[What to work on] No images, please. Copy each entry below exactly as it reads.

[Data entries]
******************************
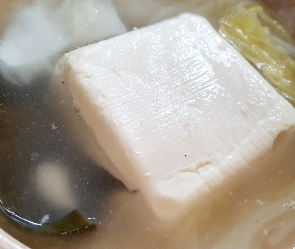 材料(1人分) 豆腐(水切りしておいたもの)……1丁 昆布……1枚 水……300㏄ 創味シャンタンやわらかタイプ……7cm 白菜……1枚 【〆の材料】 乾燥ラーメン……1束 卵……1個 ネギの青い部分……1本分 醤油……小匙1 ごま油……小匙1
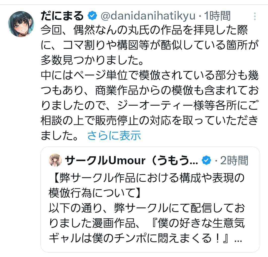 | … | 1025/10/28(火)22:17:47No.1367291069そうだねx1義母義妹とやりまくる漫画の2巻もページ丸々パクってた記憶あるけど名前が思い出せない |
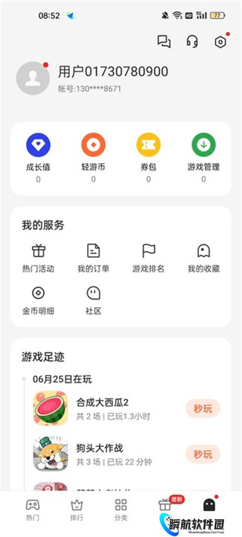 首页是热门游戏,有四个板块功能,最新、分类、特色合集和网游;
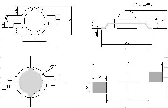 Outline Dimensions of led - Dome Type of 1w/3w led :
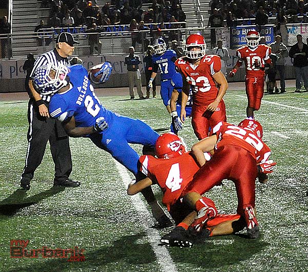 In lower level action, Burbank completed the trifecta with wins over the Burroughs Junior Varsity, 24-0, and on the freshman level, 33-0. The Bulldogs won the Pacific League on both the JV and freshman levels.
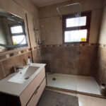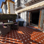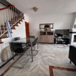 Built with high-quality materials, the townhouse includes marble flooring, renovated double-glazed windows and patio doors with wood-effect finishes, fitted wardrobes, and air conditioning with heat pump in the living room and both bedrooms and electric awning. Additional storage space is conveniently located under the staircase.
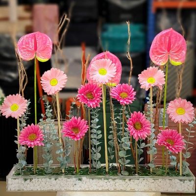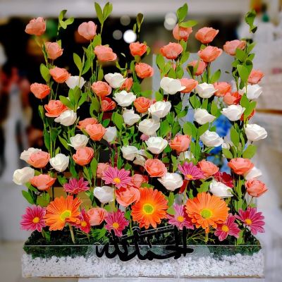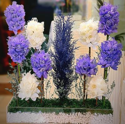 Artificial flower are human-made objects that mimic the appearance of real trees and are often used for decoration.
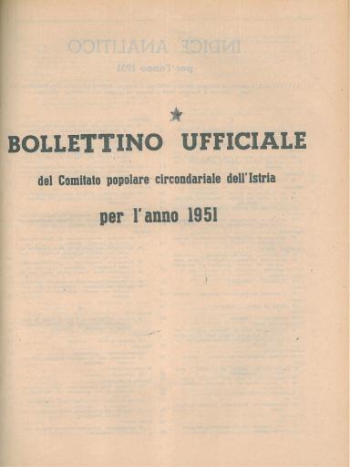 • Bollettino ufficiale del Comitato popolare circondariale dell'Istria per l'anno 1951
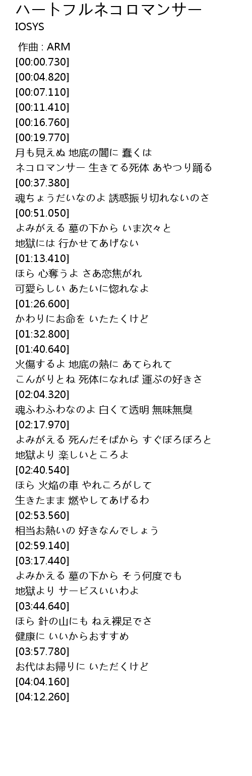 | [00:29.040] | ネコロマンサー 生きてる死体 あやつり踊る |
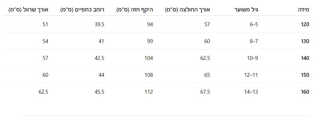 מידות 4-13 שנים
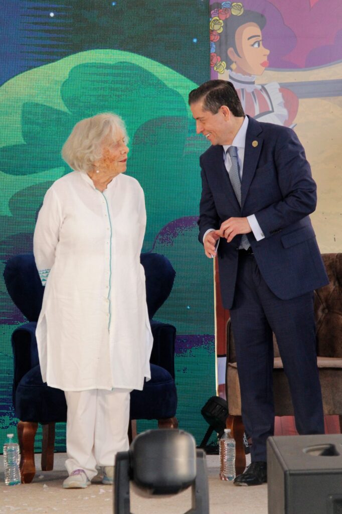 “En la vida yo creo que no hay mejor amante o mejor compañero o mejor marido que un libro, porque un libro lo puede uno cerrar cuando uno quiere, y también abrir cuando a uno se le antoja”, lo que provocó las risas y los aplausos de los invitados. “Los felicito a todos, se ven muy bonitos, los felicito a todos por estar aquí y me felicito porque ya tengo 93 años, ojalá y el año que entra los pueda acompañar”, comentó.
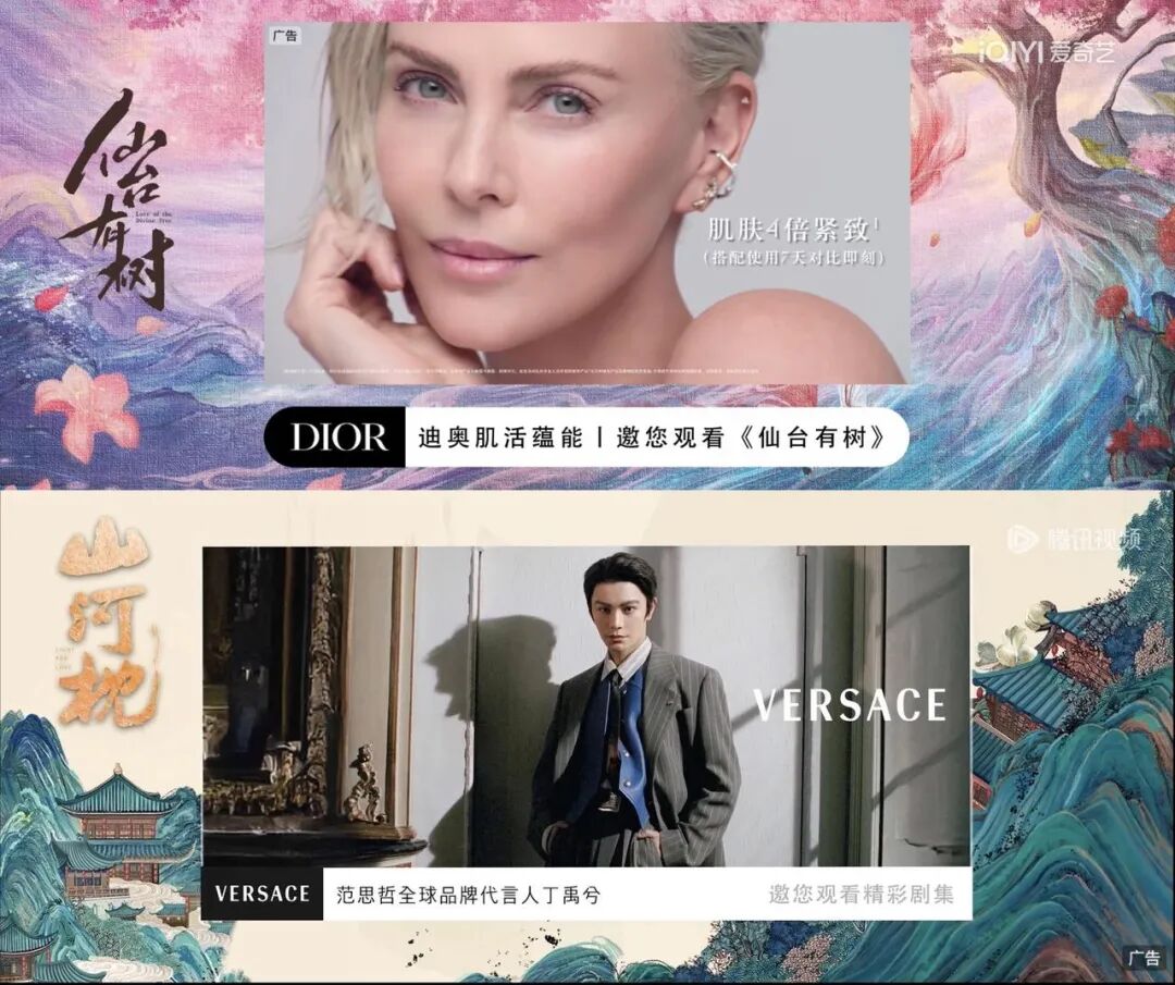 一种常见方式,是品牌直接投放自家代言人参与的剧综。这种策略过去也存在,但今年的不同之处在于,一些此前很少出现在剧综广告中的奢侈品牌,也开始采用这一方式。例如,迪奥在护肤系列代言人邓为首次担任男主的剧集《仙台有树》中进行投放,范思哲则投放了全球品牌代言人丁禹兮主演的《山河枕》。
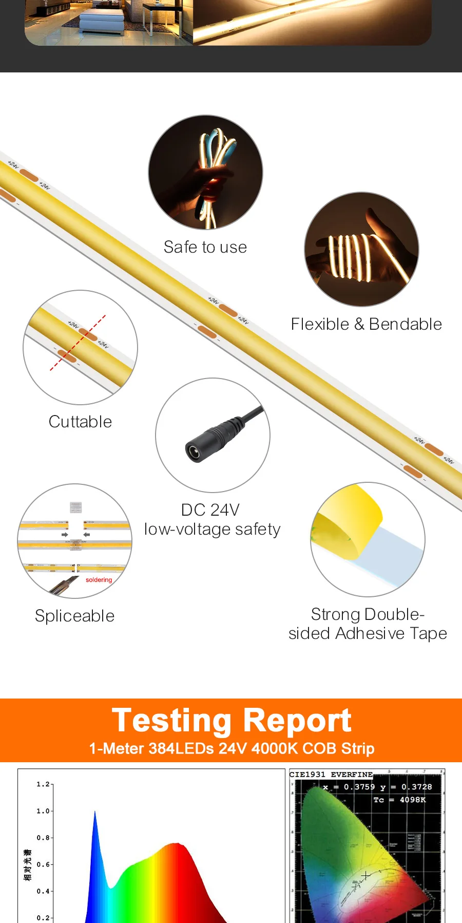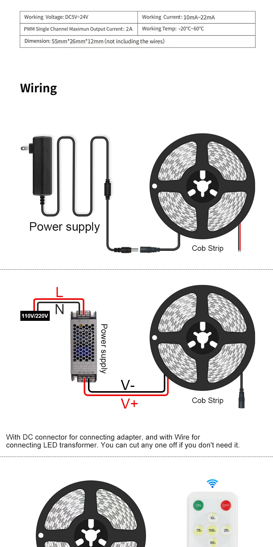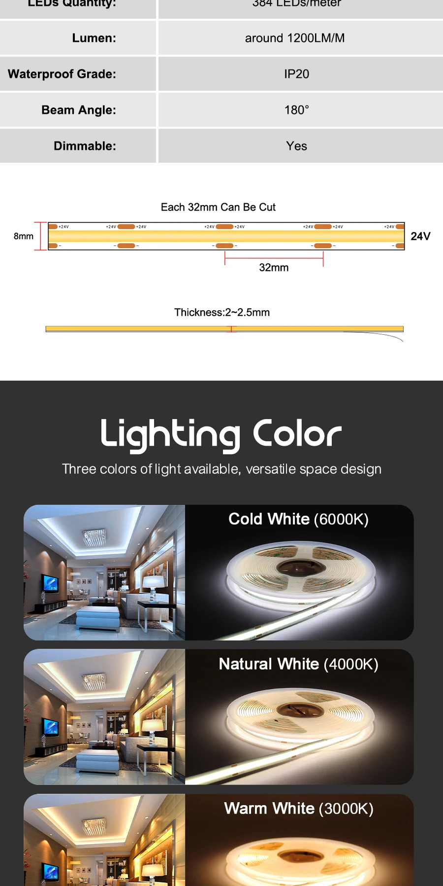 1. The COB LED strip cannot be connected to 110V or 220V directly, must add the 24V power supply.
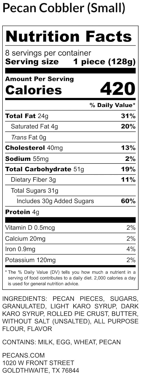Pecans.com's Cousin Rubie's Pecan Cobbler, is an old Texas Tradition, baked with the finest fresh shelled pecans available! *6.125"W x 8.75" L x 2"H *2.5 lbs. old family recipe pecan goodness.
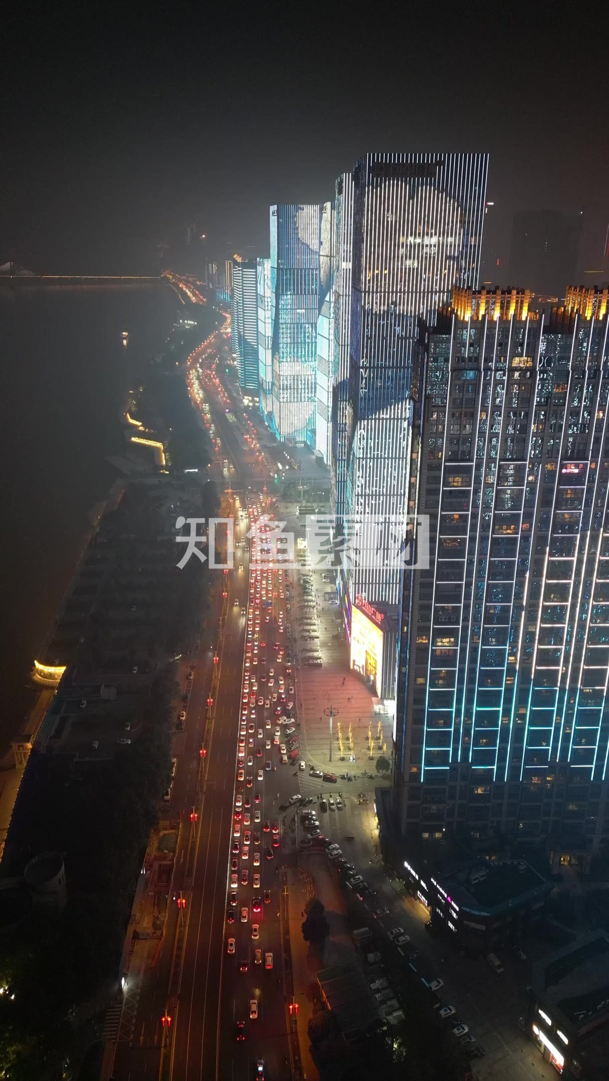 湖南 长沙 城市 夜景 交通 竖屏 航拍
******************************
[Answer]
 材料(1人分) 豆腐(水切りしておいたもの)……1丁 昆布……1枚 水……300㏄ 創味シャンタンやわらかタイプ……7cm 白菜……1枚 【〆の材料】 乾燥ラーメン……1束 卵……1個 ネギの青い部分……1本分 醤油……小匙1 ごま油……小匙1
 | … | 1025/10/28(火)22:17:47No.1367291069そうだねx1義母義妹とやりまくる漫画の2巻もページ丸々パクってた記憶あるけど名前が思い出せない |
 首页是热门游戏,有四个板块功能,最新、分类、特色合集和网游;
 Outline Dimensions of led - Dome Type of 1w/3w led :
 In lower level action, Burbank completed the trifecta with wins over the Burroughs Junior Varsity, 24-0, and on the freshman level, 33-0. The Bulldogs won the Pacific League on both the JV and freshman levels.
 Built with high-quality materials, the townhouse includes marble flooring, renovated double-glazed windows and patio doors with wood-effect finishes, fitted wardrobes, and air conditioning with heat pump in the living room and both bedrooms and electric awning. Additional storage space is conveniently located under the staircase.
 Artificial flower are human-made objects that mimic the appearance of real trees and are often used for decoration.
 • Bollettino ufficiale del Comitato popolare circondariale dell'Istria per l'anno 1951
 | [00:29.040] | ネコロマンサー 生きてる死体 あやつり踊る |
 מידות 4-13 שנים
 “En la vida yo creo que no hay mejor amante o mejor compañero o mejor marido que un libro, porque un libro lo puede uno cerrar cuando uno quiere, y también abrir cuando a uno se le antoja”, lo que provocó las risas y los aplausos de los invitados. “Los felicito a todos, se ven muy bonitos, los felicito a todos por estar aquí y me felicito porque ya tengo 93 años, ojalá y el año que entra los pueda acompañar”, comentó.
 一种常见方式,是品牌直接投放自家代言人参与的剧综。这种策略过去也存在,但今年的不同之处在于,一些此前很少出现在剧综广告中的奢侈品牌,也开始采用这一方式。例如,迪奥在护肤系列代言人邓为首次担任男主的剧集《仙台有树》中进行投放,范思哲则投放了全球品牌代言人丁禹兮主演的《山河枕》。
 1. The COB LED strip cannot be connected to 110V or 220V directly, must add the 24V power supply.
Pecans.com's Cousin Rubie's Pecan Cobbler, is an old Texas Tradition, baked with the finest fresh shelled pecans available! *6.125"W x 8.75" L x 2"H *2.5 lbs. old family recipe pecan goodness.
 湖南 长沙 城市 夜景 交通 竖屏 航拍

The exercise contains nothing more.